Another refuge station in Newbury was the house of Joshua Coffin, a founder and first recording secretary of the New England Anti-Slavery Society. From 1834 to 1837, Coffin was the manager of the American Anti-Slavery Society. The eventual destination for most of the escaped slaves was Canada.

The Nation divides

The Kansas–Nebraska Act of 1854 established the process for creating new states from the remaining territory of the Louisiana Purchase of 1803, and repealed the Missouri Compromise of 1820. On May 19 and 20, 1856, Senator Charles Sumner, a Massachusetts antislavery Republican, delivered a long speech denouncing the power that slave owners held over their elected representatives.

On May 21, Representative Preston Brooks of South Carolina, approached Summer and yelled,, “I have read your speech, a libel on South Carolina.” and began slamming his metal-topped cane onto Sumner’s head, knocking him unconscious. Graphic descriptions in the newspapers portrayed the two men as heroes in their respective states. Sumner was among the first members of Congress to argue in favor of the Civil War to end slavery and save the Union.

On November 6, 1860, Abraham Lincoln was elected president by a strictly northern vote which brought the newly formed Republican Party into power. By June, 1861, eleven Southern states had seceded to join the Confederacy.

Ipswich recruits in the Civil War
Recruits leaving for the war at the Ipswich train station

The Civil War

The anti-slavery issue took on a new meaning with the Civil War. On Jan. 1, 1863, after three years of hesitating, Lincoln signed the Emancipation Proclamation. The struggle almost immediately transformed from restoring the Union to ending slavery, and became a “total war” in which both the Confederacy and the Union were forced to turn to conscription. Women took over farms and businesses when their husbands left, and organized ladies’ aid societies to sew uniforms and raise money to purchase supplies for the troops. Race riots broke out in cities as far north as New York.

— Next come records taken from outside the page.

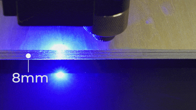 xTool M1 käynnistää automaattisen tarkennuksen, sisältäen visuaalisen tunnistamisen, meteriaalin paksuuden asetukset sekä materiaalintunnistuksen jotta sinun ei tavitse asettaa leikkausparametrejä itse.
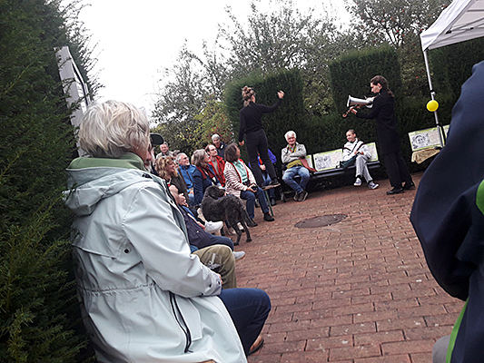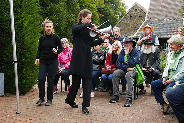 Im Karlsgarten zeigten Bianka Elberfeld (links) und Huda Knobloch (rechts an der Trichtergeige) eine Performance frei nach "Der Ohrenzeuge" von Elias Canetti, bei der auch das Publikum intensiv einbezogen wurde.
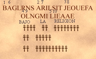 Hay una serie de símbolos ankh que indican el número de letras que formarán cada palabra. Para descifrar el mensaje, lo que debemos hacer es ir cogiendo la primera letra de cada palabra de arriba, luego la segunda de cada palabra y así sucesivamente e ir poniéndolas en los símbolos para ir formando la nueva frase. Así conseguiremos lo siguiente:
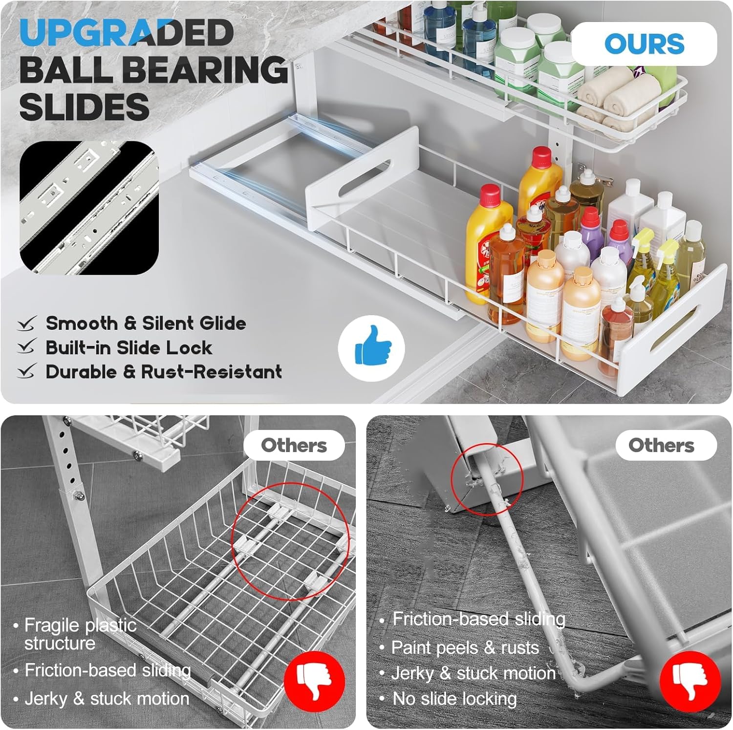 - Special Feature : 2-Tier Pull-Out Design, 5 Adjustable Heights, Classic Wire Frame, Silent and Anti-Tip Round Slide Rails 2-Tier Pull-Out Design, 5 Adjustable Heights, Classic Wire Frame, Silent and Anti-Tip Round Slide Rails
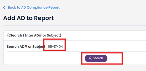 Enter an AD# or subject that you would like to search in the Search box and then click the purple "Search" button.
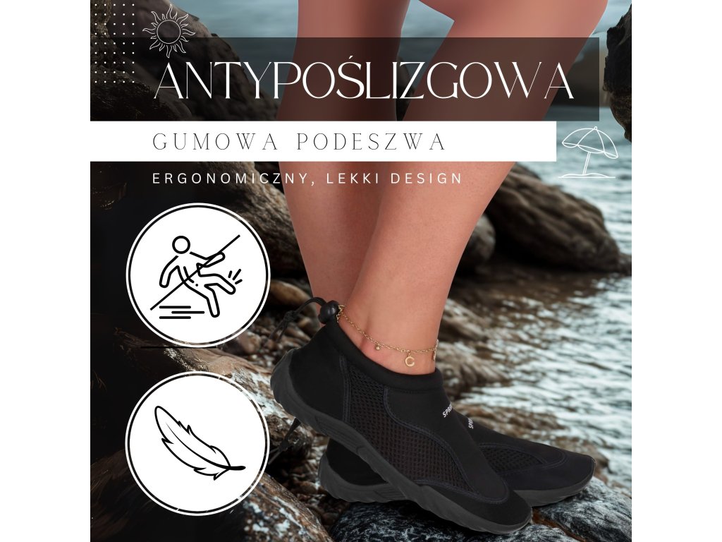 - Nedoporučuje se používat obuv na mokrých okrajích bazénu a na velmi mokrých a kluzkých plochách.
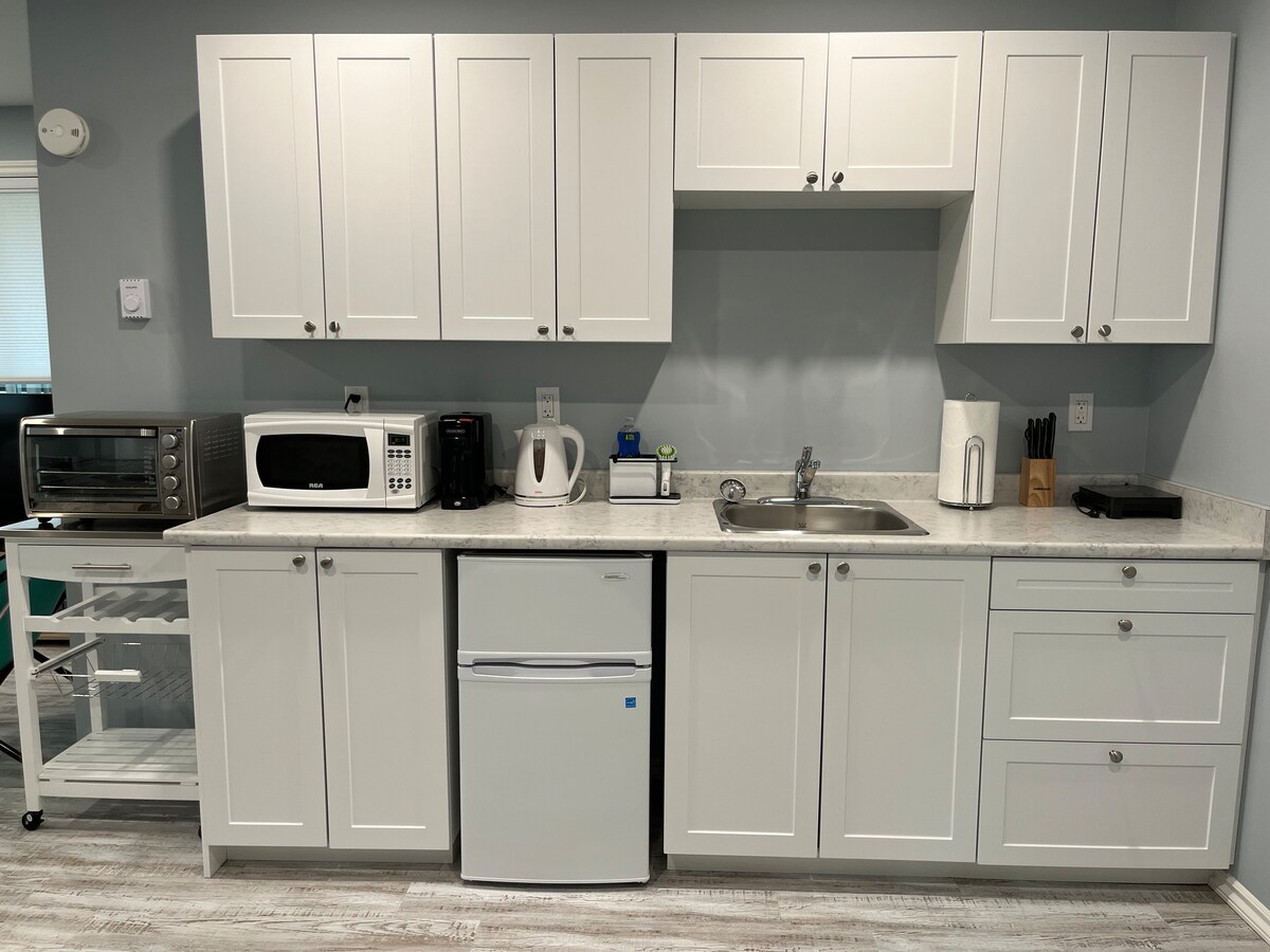 Len deg tilbake og slapp av i denne splitter nye, rolige og stilige studiosuiten som er tilgjengelig for opphold på over 30 dager, bare noen skritt fra en lang sandstrand. Suiten er gjennomtenkt møblert og klar til å flytte inn i. Den er ideell for profesjonelle, kontraktsarbeid eller lengre opphold ved kysten, og den tilbyr rolige omgivelser med enkel tilgang til fasiliteter, stier og strandliv i Port Hardy.

As the Union armies captured areas of the Confederacy, nearly four million slaves were freed, with an estimated total of 750,000 Confederate and Union deaths by April 9, 1865 when General Robert E. Lee surrendered his Confederate troops at Appomattox Court House in Virginia. Fifty-two Ipswich men died during the war, and the town expended over $52,000 to aid in suppressing the Rebellion, including $15,950 in bounties to soldiers.

Neither compromise nor unbending radicalism had altered the Nation’s tragic fate. A wearied North celebrated its victory, and turned its eyes to the causes of women’s rights and prohibition. The brief Reconstruction era saw gains in equality for African Americans in the South, followed by the century-long Jim Crow era with lynchings, segregation and extreme poverty for black people and many whites.